Michaël Nyman
Information
Portrait of Michael Nyman, contemporary music composer, who scored the soundtrack for The Piano and also The Draughtsman's Contract... Nicknamed the "dandy conformist", he mixes classical and baroque music with more contemporary sounds.
Context
Born in London on the 23rd of March 1944, the composer and pianist Michael Nyman, a graduate from the Royal Academy of Music and King's College London, began his career as musicologist publishing a work of reference in 1974 on new music: Experimental Music: Cage & Beyond. At the same time as this theoretical activity, Nyman, from the end of the 1960s, collaborated with unusual contemporary music groups such as the Scratch Orchestra and the Portsmouth Sinfonia beside musicians like Brian Eno and Gavin Bryars.
In 1976 he founded his own orchestra and resolutely joined the neoclassical tendency of the minimalist movement (a return to tonality, usage of fragments of traditional work skilfully remixed, with a pulsating beat). In 1982 Nyman wrote the sound track for the Peter Greenaway film, The Draughtsman's Contract. This collaboration will continue until the 90s giving birth to a number of masterpieces (Drowning by Numbers (1988), Prospero's Books (1991)).

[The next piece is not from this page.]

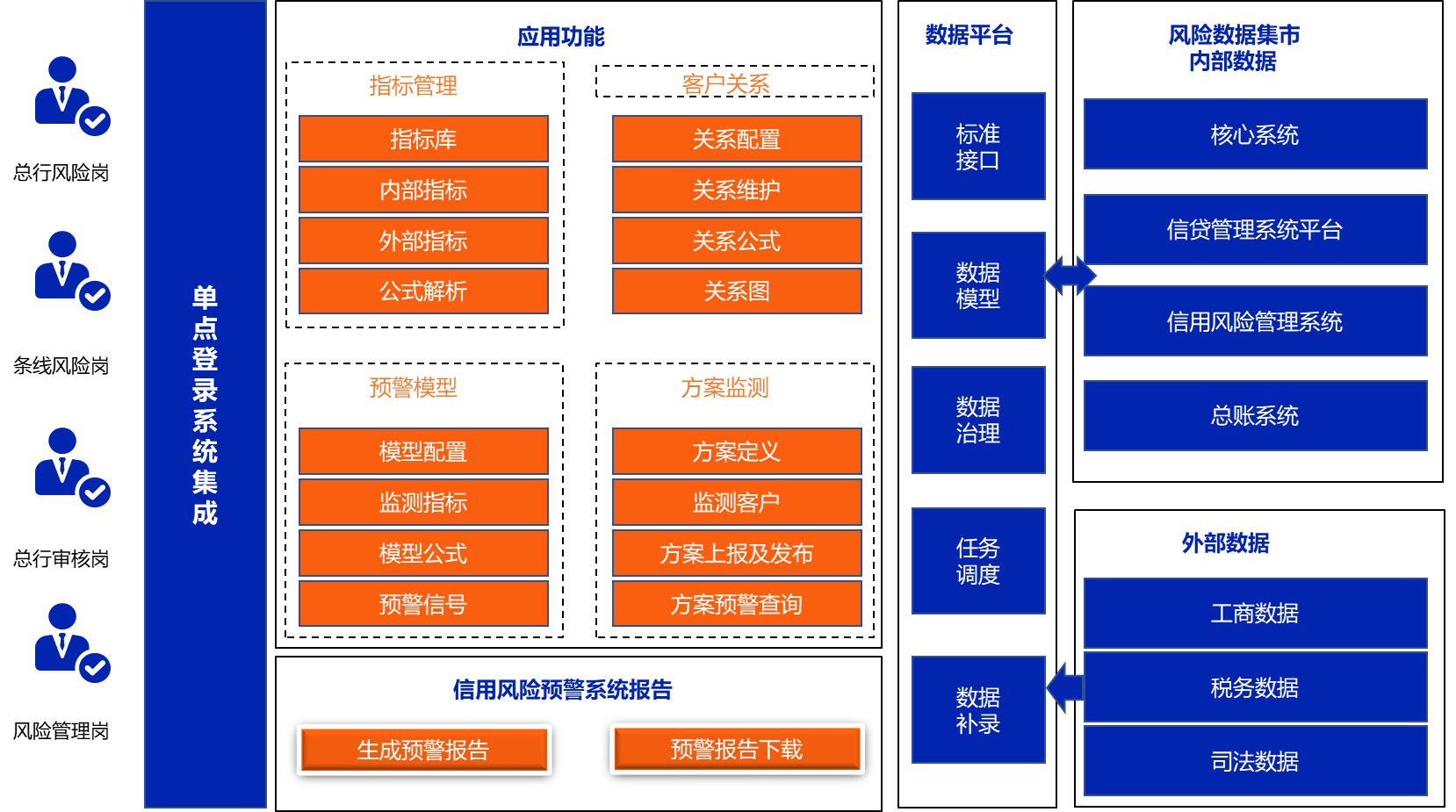 建立基于行内数据和外部大数据的风险预警模型和规则体系,实现对各类信贷客户的风险预警。

Ever more in demand for cinema, Nyman would compose some 75 film scores amongst which the score for The Piano by Jane Campion, Palme d'Or at the Cannes Festival 1993. Working voluntarily for dance and fashion, Nyman is also the author of several operas, a series of concertos (of which one for violin made by Gidon Kremer in 2003), and piano works, one of which he has recently given a reference version of:The Piano Sings (2005).